BasharOfTheAges wrote:To continue the aside (and bring it full-circle back to the classroom), the whole slippery slope argument is the basis behind how most ethics, politics, and history classes are taught. It's a matter of recognizing past mistakes, extrapolating back to early warning signs, and then ideally stooping such things at the early stages (even if multiple things could fork from the "early warning signs" that have nothing to do with what you want to prevent). Realistically, though people just ignore shit and say how it's different - for example, Iraq isn't another Vietnam - Iraq is a dessert, and Vietnam is a jungle.

The problem with slippery slope and why it's a fallacy is that it pretends the future can be predicted and can not be changed. Argue issues today on the merits of those issues not what they might turn into in the future. It is possible to support voluntary tracking of children today and oppose mandatory tracking of children tomorrow. They're similar issues but they ain't the same and one does not directly lead to the other if people oppose it leading there. So yeah, use history and your brain to figure out where something will lead then prevent it from leading there is you think that's bad. But that's still no reason to oppose a decent idea. Now if tracking kids at all is a decent idea is open to debate but what MIGHT happen tomorrow shouldn't be part of that debate really.

For those who just don't get it, consider what might be wrong with the following argument: We can't allow governments to be democracies, history shows that Hitler was elected to power so allowing a country to be a democracy will lead to the next holocaust.

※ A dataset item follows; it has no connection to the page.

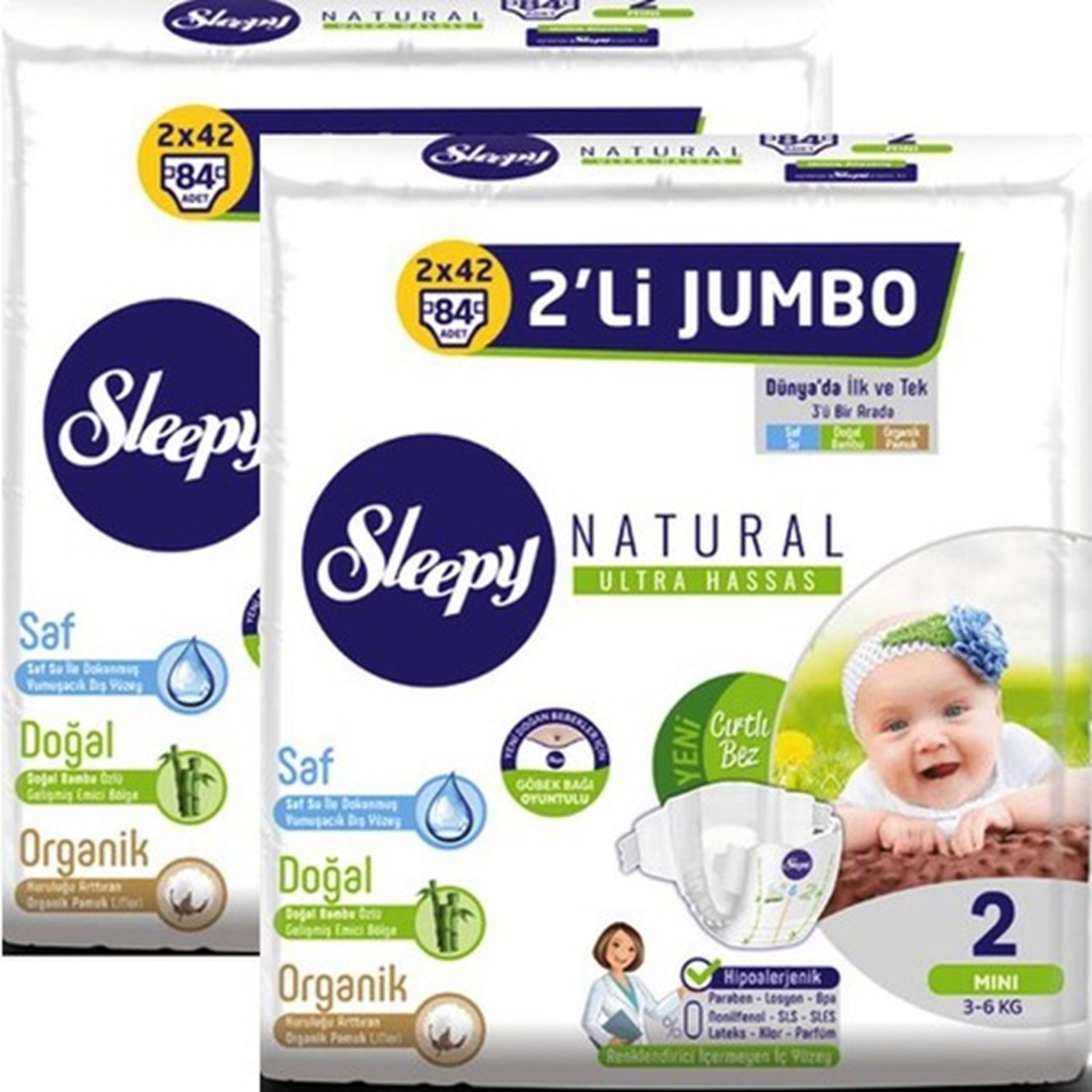 Sleepy Natural Bebek Bezi 2'li Jumbo 2 Beden 3-6 kg 84 Adet x 2 Paket

As a total side note, Vietnam war is ~ 60,000 US casualties, which is roughly 6000 per year. Iraq war is ~3900 casualties. In other words less soldiers have died in four years of Iraq than died in a single year of Vietnam. Iraq and Vietnam has similarities but the differences are far more than just desert vs jungle. There exists valid reasons to oppose Iraq but the fact that 30 years ago we fought in Vietnam isn't one of them.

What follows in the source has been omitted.